RAW DATA.
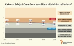 Na tradicionalnoj godišnjoj listi, nakon analize stanja, Fridom Haus vratio je ove dve države Zapadnog Balkana korak unazad, u grupu tranzicionih odnosno, “hibridnih režima”.
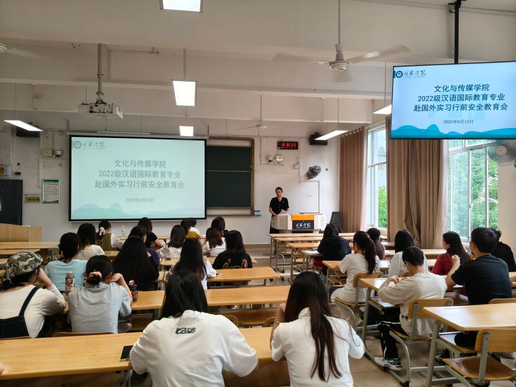 为保障学生国外实习工作顺利开展,增强学生的安全防范意识和跨文化适应能力,6月13日上午,文化与传媒学院在1210教室召开了2022级汉语国际教育专业赴国外实习行前安全教育会。学校副校长、文化与传媒学院党总支书记、国际交流与合作处老师、国外实习点实习指导老师、辅导员及37名即将赴泰国、越南实习的学生参加了会议。
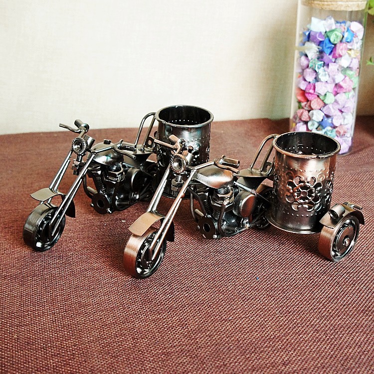 鉄芸の復古は古い三輪のオートバイの筆立ての模型の家庭の書斎の事務室の装飾品をして子供を送ります。
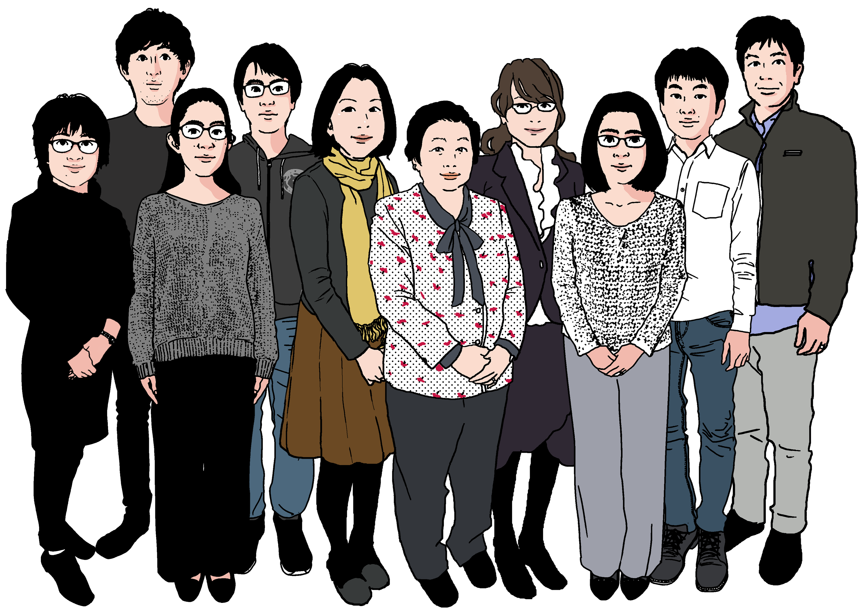 役員:3名 顧問:1名 社員:9名 アルバイト(大学院生・大学生):6名
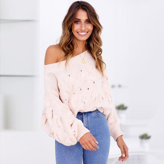 Solid Color Off The Shoulder Loose Casual Knit Sweater
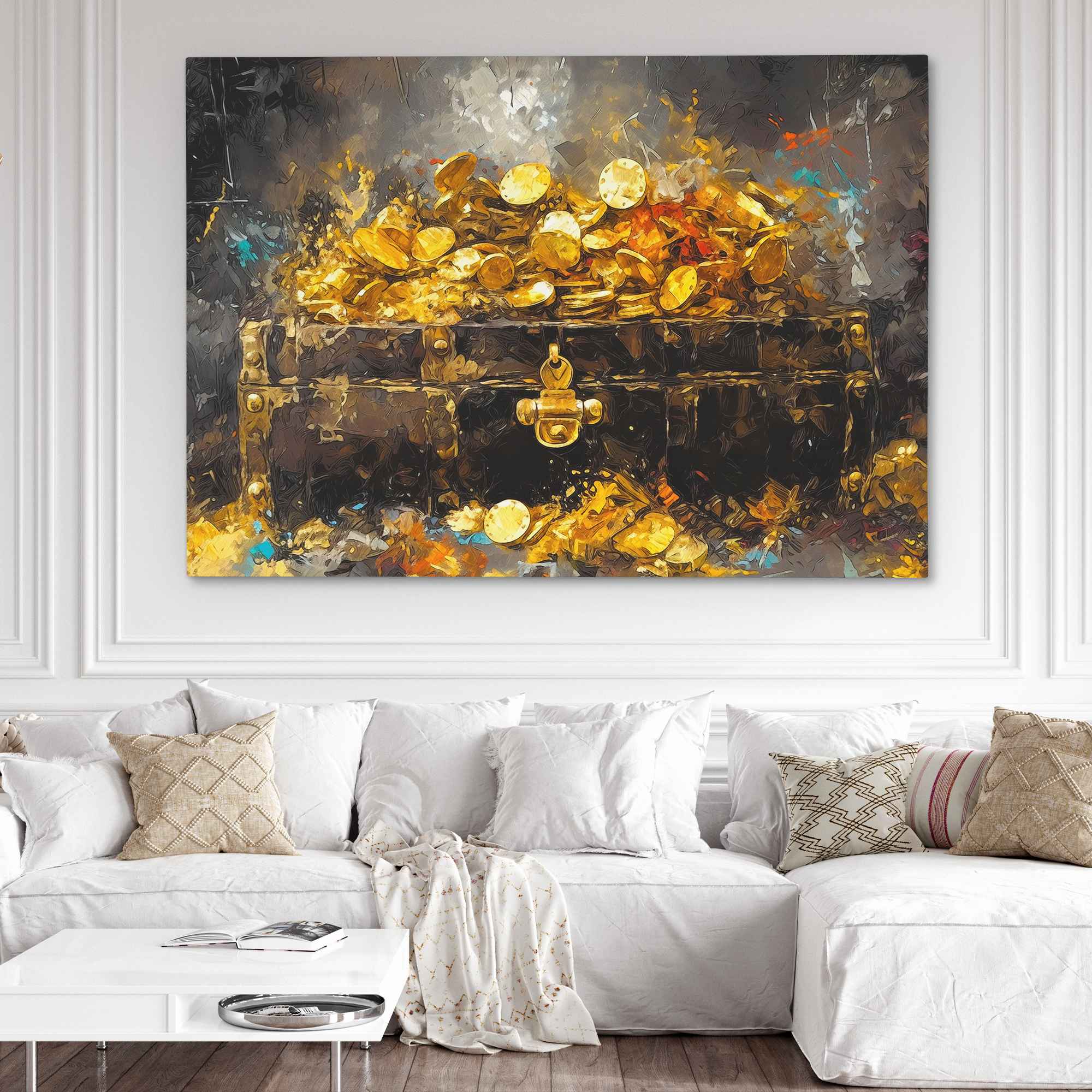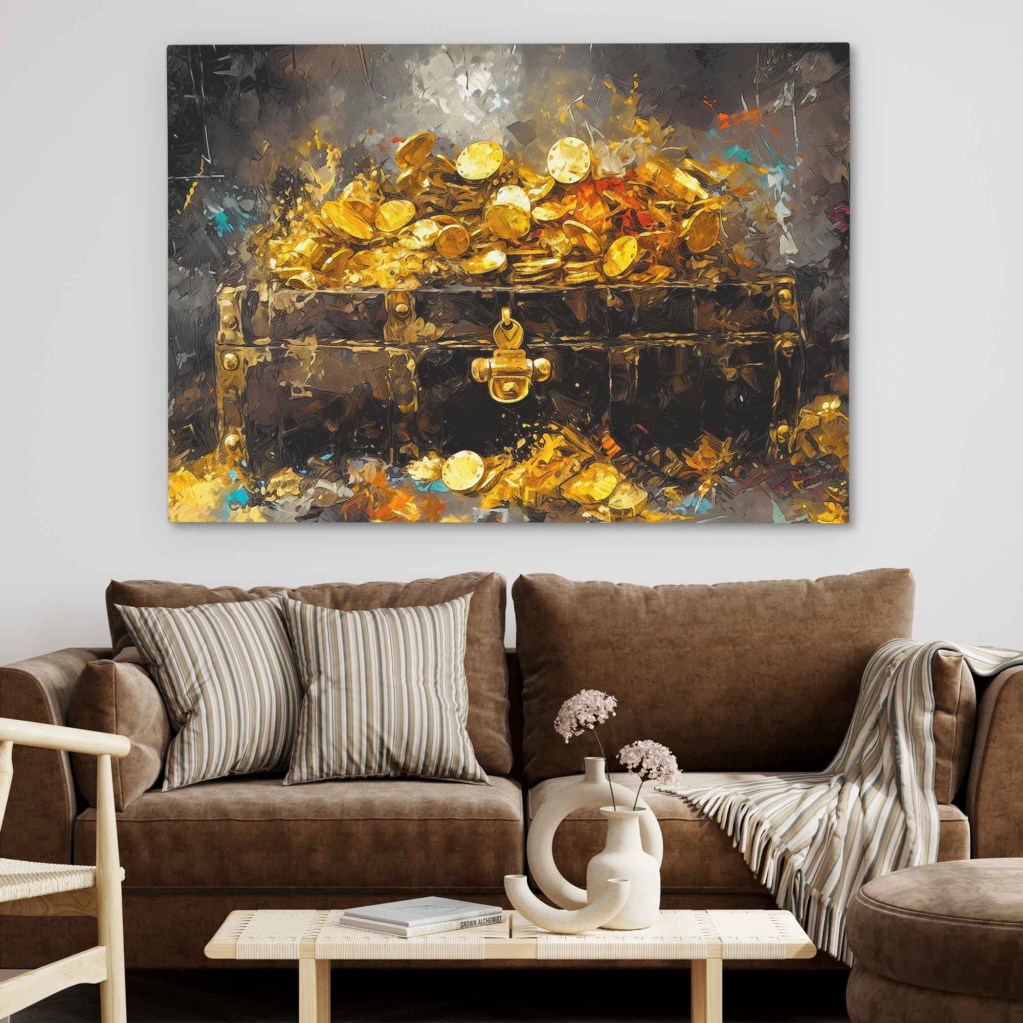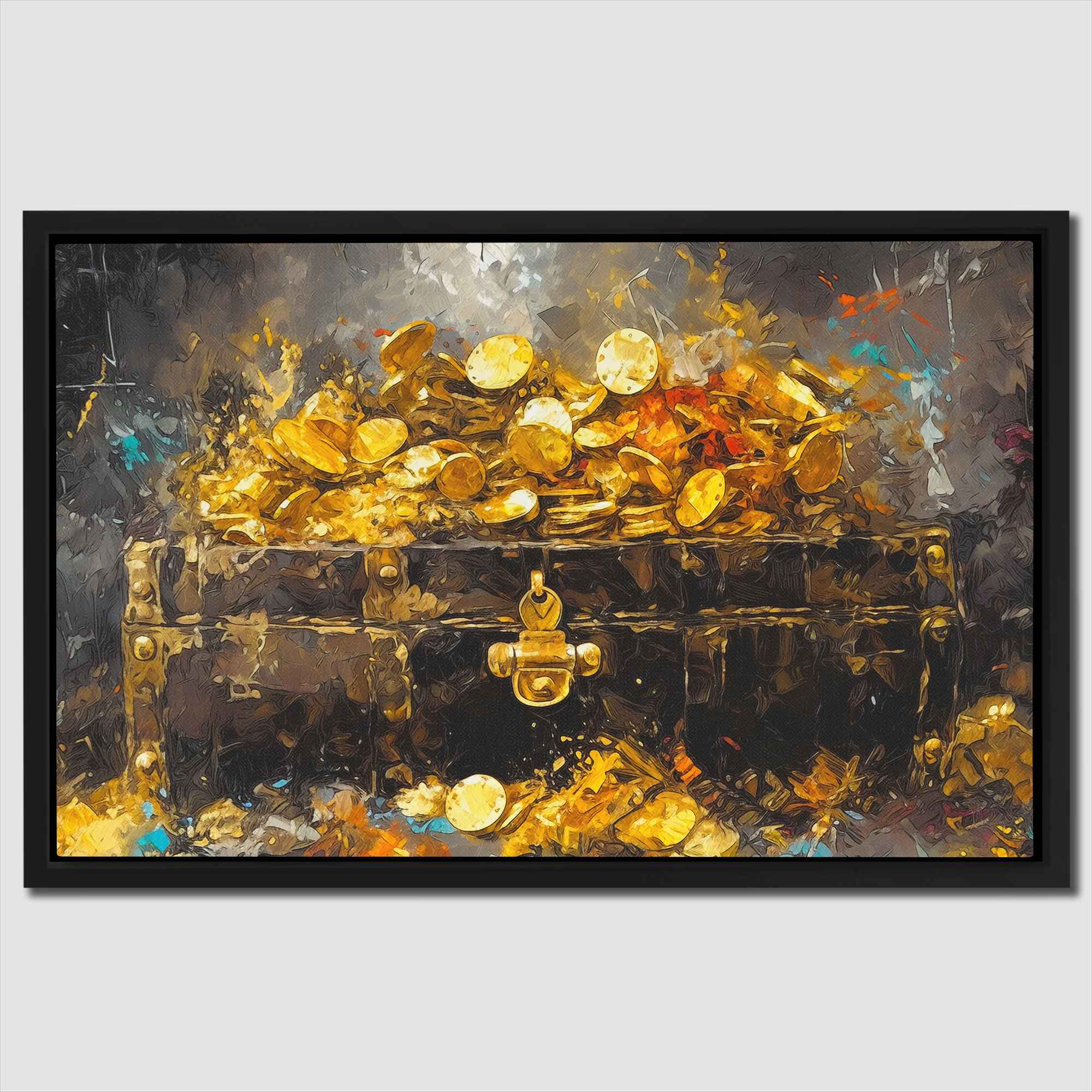 A treasure chest overflowing with gold and jewels in warm tones. Treasure in Sight is pirate art that works in game rooms and gold-themed walls.

WHAT THE EXERCISE ASKS.
Leave the images behind and write out every entry exactly.

ANSWER BELOW.
 Na tradicionalnoj godišnjoj listi, nakon analize stanja, Fridom Haus vratio je ove dve države Zapadnog Balkana korak unazad, u grupu tranzicionih odnosno, “hibridnih režima”.
 为保障学生国外实习工作顺利开展,增强学生的安全防范意识和跨文化适应能力,6月13日上午,文化与传媒学院在1210教室召开了2022级汉语国际教育专业赴国外实习行前安全教育会。学校副校长、文化与传媒学院党总支书记、国际交流与合作处老师、国外实习点实习指导老师、辅导员及37名即将赴泰国、越南实习的学生参加了会议。
 鉄芸の復古は古い三輪のオートバイの筆立ての模型の家庭の書斎の事務室の装飾品をして子供を送ります。
 役員:3名 顧問:1名 社員:9名 アルバイト(大学院生・大学生):6名
 Solid Color Off The Shoulder Loose Casual Knit Sweater
 A treasure chest overflowing with gold and jewels in warm tones. Treasure in Sight is pirate art that works in game rooms and gold-themed walls.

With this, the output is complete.